What you have to do — Without changing a word, repeat the data, and include no pictures.

Information supplied —

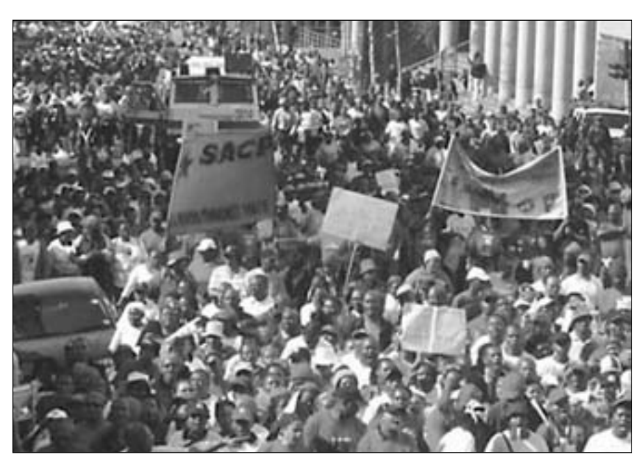
Striking workers in Johannesburg, June 2006. Union leaders caved in to government "allies."

To sell this deal to the masses, this "Congress Alliance" (ANC/COSATU/SACP) promised to radically improve the conditions of the masses: hundreds of thousands of homes would be built, running water, sewage systems and electricity would be brought to millions, education and health care would be expanded and jobs created. Little of this has been done.
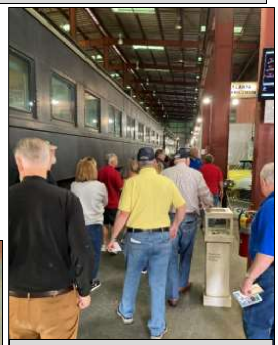
BIG building for those trains!

Answer for the task —
Striking workers in Johannesburg, June 2006. Union leaders caved in to government "allies."

To sell this deal to the masses, this "Congress Alliance" (ANC/COSATU/SACP) promised to radically improve the conditions of the masses: hundreds of thousands of homes would be built, running water, sewage systems and electricity would be brought to millions, education and health care would be expanded and jobs created. Little of this has been done.
BIG building for those trains!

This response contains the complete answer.